Michel Camilo - Live in London - (Redondo Music)
Pianist/composer Camilo is originally from the Dominican Republic, and certainly incorparates Latin rythms in his work, but his writing is ultimately sui generis. Cascading runs, multi linenear interpolations, and ellipsis are recurrent tropes in his work. On this solo recording his power, passion, and cleverness are unsurpressable. You won't believe your ears. It's like he's always poking you awake. Wonderful.

Blue Note All Stars - Our Point Of view - (Blue Note)
Here they all are, the new crop of mega stars in the jazz firmament.

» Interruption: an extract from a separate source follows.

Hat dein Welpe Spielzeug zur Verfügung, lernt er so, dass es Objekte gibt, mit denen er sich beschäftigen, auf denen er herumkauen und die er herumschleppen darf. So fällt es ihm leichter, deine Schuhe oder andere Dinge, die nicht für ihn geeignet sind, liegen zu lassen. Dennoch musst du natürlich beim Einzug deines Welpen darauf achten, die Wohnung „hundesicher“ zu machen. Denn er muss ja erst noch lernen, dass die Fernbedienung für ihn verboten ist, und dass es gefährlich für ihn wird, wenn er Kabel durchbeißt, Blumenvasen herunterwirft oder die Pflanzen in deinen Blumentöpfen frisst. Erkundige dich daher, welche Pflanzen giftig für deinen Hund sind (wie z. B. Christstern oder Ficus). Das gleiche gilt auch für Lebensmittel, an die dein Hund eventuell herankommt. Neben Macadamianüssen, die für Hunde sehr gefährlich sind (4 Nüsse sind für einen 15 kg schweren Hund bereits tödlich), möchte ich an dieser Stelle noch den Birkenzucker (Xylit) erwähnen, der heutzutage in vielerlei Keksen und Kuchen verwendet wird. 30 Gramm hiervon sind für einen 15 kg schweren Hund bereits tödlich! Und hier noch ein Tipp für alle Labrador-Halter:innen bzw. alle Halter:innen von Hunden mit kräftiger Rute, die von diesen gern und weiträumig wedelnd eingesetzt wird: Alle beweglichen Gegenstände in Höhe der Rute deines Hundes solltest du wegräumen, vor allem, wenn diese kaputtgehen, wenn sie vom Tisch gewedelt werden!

Guitarist Lionel Loueke, trumpeter Ambrose Akinmusire, saxophonist, Marcus Strickland, drummer Kendrick Scott, bassist, Derrick Hodge, and pianist, Robert Glasper have all released many of the most acclaimed records in recent years, each leading his own ensemble. They are joined by two of the legendary Blue Note All Stars of the golden age, Wayne Shorter and Herbie Hancock on my favorite cut, Shorter's "Masquelero". This record is instantly historic the way the first Art Blakey Jazz Messenger records were. It's a document of performance styles and musical fashion. While many of the artists, Glasper in particular, owe their popularity to their acceleration of bop rhythms, innovative sychopation over soul and hip hop beats, using electronic instrumentation, and fragmentary exhortations, there is also something else going on here. There is a connection to the angst ridden elctron driven quantum uncertainty that passes for communication in the internet age.

Gregory Porter - Nat King Cole & Me - (Blue Note)

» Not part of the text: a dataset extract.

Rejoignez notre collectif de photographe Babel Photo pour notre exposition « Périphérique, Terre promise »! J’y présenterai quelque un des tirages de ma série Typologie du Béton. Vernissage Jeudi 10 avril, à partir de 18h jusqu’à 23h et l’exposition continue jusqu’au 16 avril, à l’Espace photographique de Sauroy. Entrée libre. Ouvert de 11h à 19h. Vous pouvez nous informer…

Porter is the new top dog in male jazz vocalists, and it shows just how far off the popular radar jazz is, considering the fact that he should be as well known as the man his is celebrating on this recording. Porter has pipes. While some of his own songs are pretty fine, he has yet to always find material equal to his talents the way say Donny Hathaway did, so it seems appropriate that he borrow from the man who had it all, NKC. While not exactly a vocal clone job, Poter does capture Cole's phrasing, nuanced tone, and story telling skills whiule being acoompanied by arrangements that seem like subtly enhanced refinements of the originals (kudos to Vince Mendoza). The freshest cuts are "Miss Otis Regrets", "I Wonder Who My Daddy Is", and the best cut, Poter's original composition in the Cole tradition, "When Love Was King".